Editorial Roundup: Nebraska

Lincoln Journal Star. May 23, 2024.

Editorial: DOJ findings are a people issue, not a political one

Nebraska is violating the Americans with Disabilities Act by unnecessarily segregating people with serious mental illnesses in assisted living facilities and day programs.

That is the finding of a three-year probe of the state’s mental health system by the U.S. Department of Justice.

That investigation found that Nebraska’s system relies too much on “mini-institutions,” particularly assisted living facilities, where people with serious mental illnesses are grouped together, supervised by paid staff and have little contact with people without disabilities.

Residents often leave the homes only for medical appointments, group visits to grocery and convenience stores or to participate in day programs, that, the investigation found, provide no path to employment and offer little beyond supervision and crafts.

About 5,000 Nebraskans with serious mental illnesses live in facilities, according the letter sent by Kristen Clarke, assistant attorney general for the DOJ’s civil rights division to Gov. Jim Pillen.

At least 19 assisted living facilities primarily house people with serious mental illnesses with capacity ranging from 10 residents to nearly 250, and there are 22 Medicaid- and state-funded day programs for those people.

Nebraska, Clarke wrote, needs to make changes in programming.

“Far too often, people with mental health disabilities are institutionalized when they could succeed and thrive in the community,” Clarke wrote. “It’s time to bring an end to the days of funneling people with disabilities down a dead-end road towards institutionalization and unemployment when they could succeed if provided pathways toward independence and dignity.”

The Pillen administration responded to Clarke’s letter expressing “disappointment with allegations issued by the Biden administration,” seemingly trying to turn the investigation and recommendations for change into a partisan issue, which it is not, rather than responding to the findings and recommendations for change.

Rather, it is a societal issue that affects a wide cross-section of Nebraskans, friends and family members, taxpayers, businesses who could become employers and, especially, the seriously mentally ill who are not being provided services “in the most integrated setting” as required under the ADA.
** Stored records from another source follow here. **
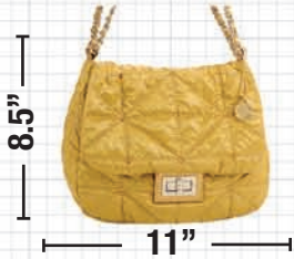
BAGS NO LARGER THAN 8.5" x 11"
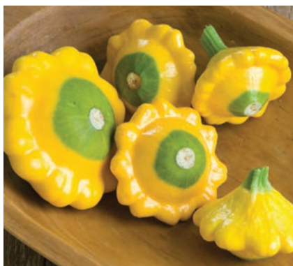
Patty Pan, Y-Star: Yellow fruits with scalloped shape; light green on blossom end
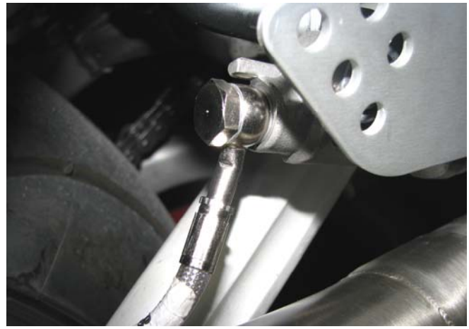
b. Galfer at the rear master cylinder
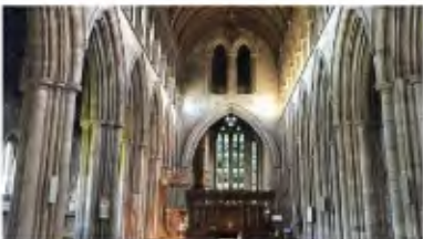
Sunday Morning Services Live Streaming
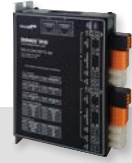
[ A=ABS Encoder / Biss-C type ] DS-CLS9-FETC-2A
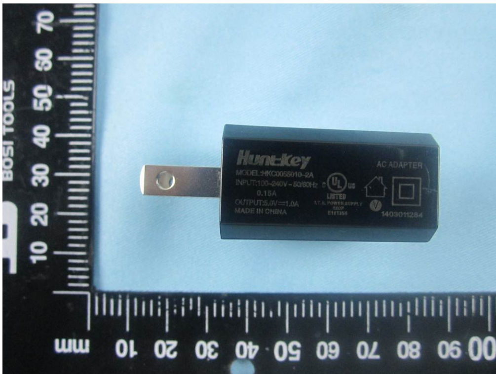
Adapter – Front View
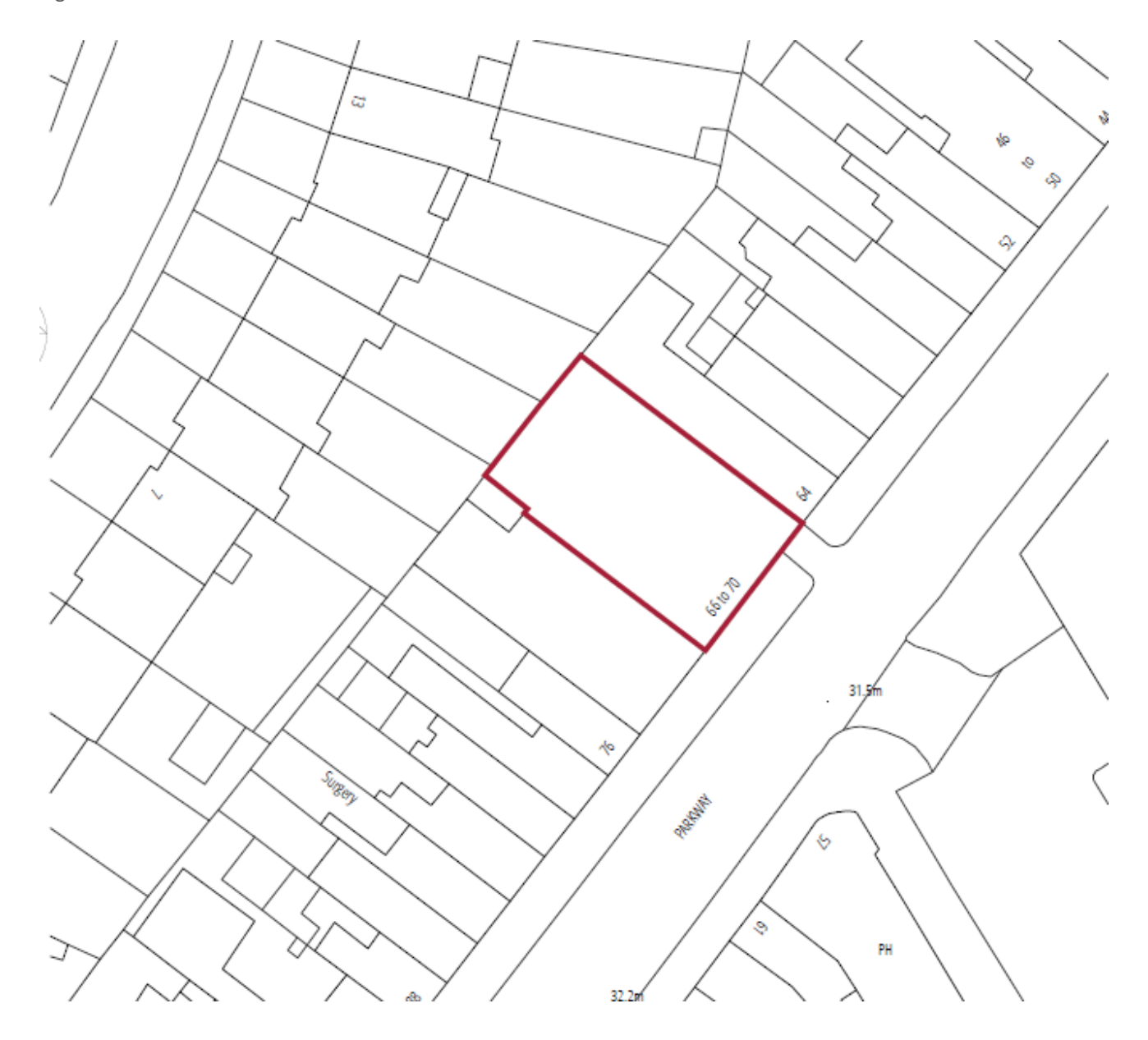
Fig 1: Site Location and Block Plan

This proposal is for the permitted development from offices (use class E) to two residential units (C3 use) on the first and second floor.
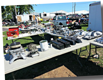
Swap meet stock photo.. ED

In October we will have a swap meet at Corvette City.
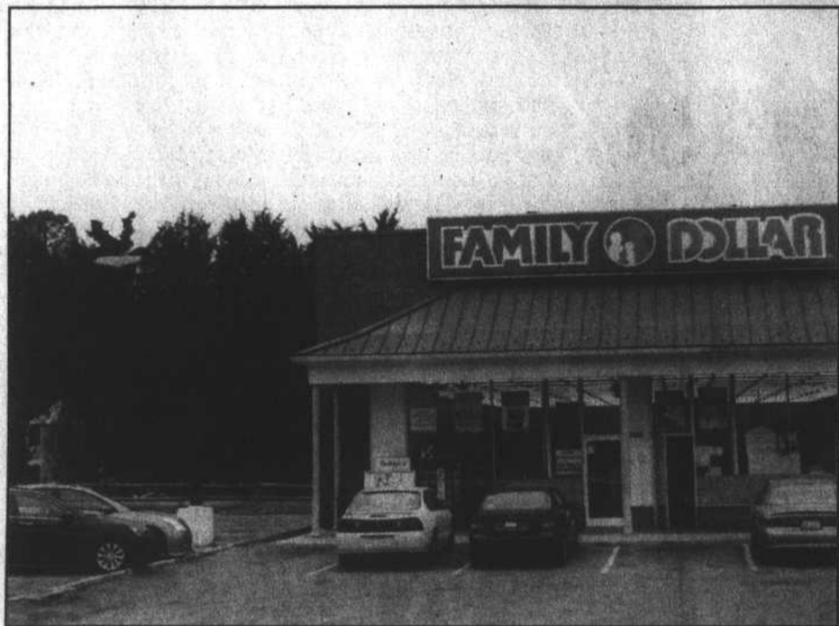
There is a planned cell phone tower that'll be located behind this Family Dollar at College Plaza Shopping Center.

* Commissioners authorized a refund for a $204,000 mishap with an excise tax on an e-closing real estate transaction. There was an error when the price of the house was accidentally put in the field for the tax before sending it to the Forsyth County Register of Deeds office, where the mistake was caught. The actual excise tax on the transaction was $408.
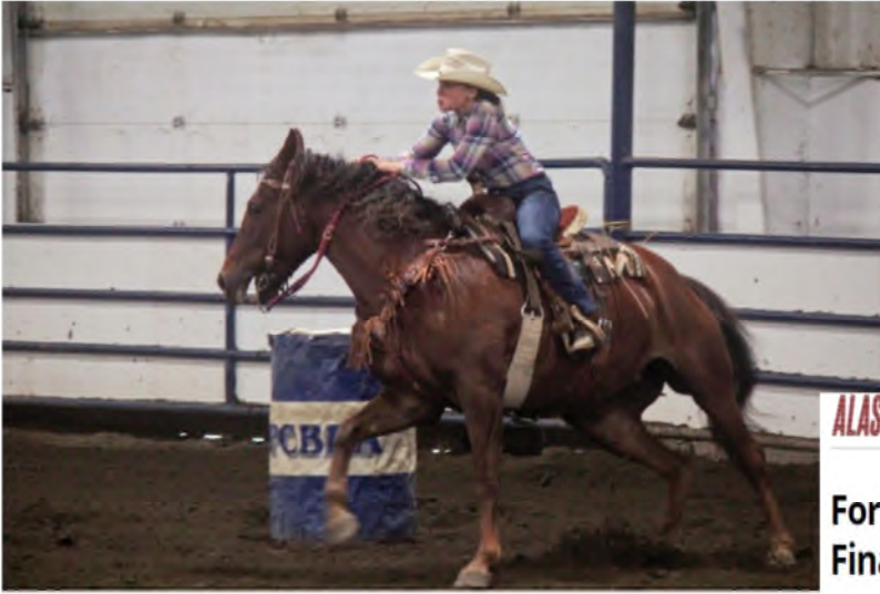
Over 200 competitors in three age categories competed last weekend in the Peace Country Barrel Racing Association Chetwynd Finals. The weekend paid out over $30,000 cash and over $20,000 in prizes including six trophy saddles.
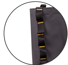
Attachment points on outer bag
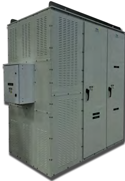
Figure 4: 5MW Solar Farm & BESS Integrator Utility Intertie Switchgear
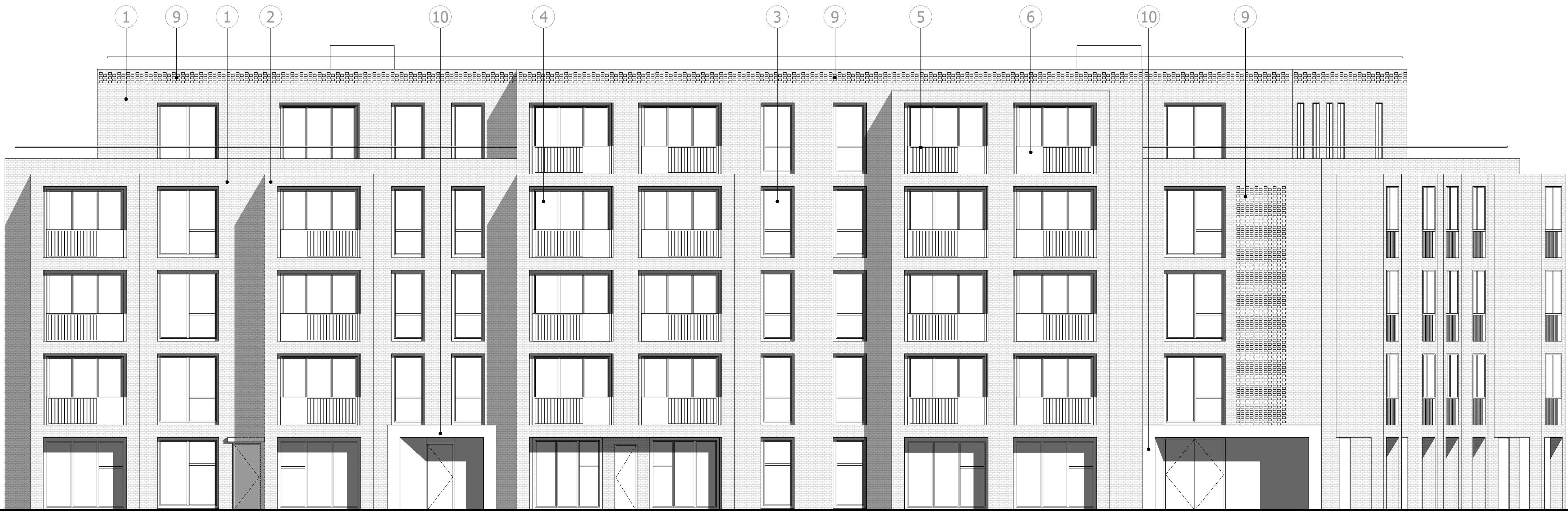
01 Elevation A: South Elevation Scale 1:100
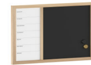
Light Natural Woodgrain
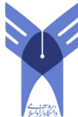
Islamic Azad University Logo

Overview: Islamic Azad University (IAU) was established in 1982 as a nominally private technical and engineering university by a decree of Ayatollah Khomeini . Ali Akbar Hashemi Rafsanjani, a member of Ayatollah Khomeini's inner circle and two-term former president, played the leading role in conceptualizing and establishing Islamic Azad University , and went on to serve as head of the university's founder's committee, akin to chairman of the board, for over three decades until his death in January 2017. Rafsanjani was known as a pragmatic backer of limited social and economic liberalization, rather than ideological rigidity, as the best possible guarantor of sustaining Iran's Islamic Revolution.
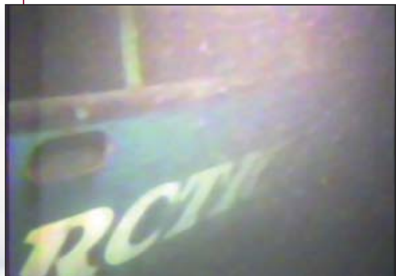
Photograph of the Arctic Rose taken during the remote operated vehicle expedition.

Approximately one hour after receiving the Coast Guard transmission, the Alaskan Rose entered a debris field and the crew spotted someone wearing an immersion suit in the water. They recognized him as the
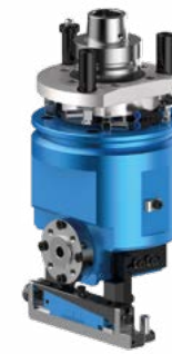
FLOATING H S Horizontal floating trimming unit

Nebraska has a few programs that provide the required supportive services. But they are limited in number and location. And the state again fails the mentally ill by using restrictive criteria for the programs, lacking the staff for programs and utilizing a payment structure that favors assisted living rather than independent living.

All those issues must be addressed by the Department of Health and Human Services and should be done voluntarily in cooperation with the DOJ, which is threatening a lawsuit if the state does not move to bring its programs into ADA compliance.

Battling with the DOJ in court, in a case that the state is almost certain to lose, would solve nothing and only delay the program changes that should help, rather than warehouse, Nebraska’s severely mentally ill.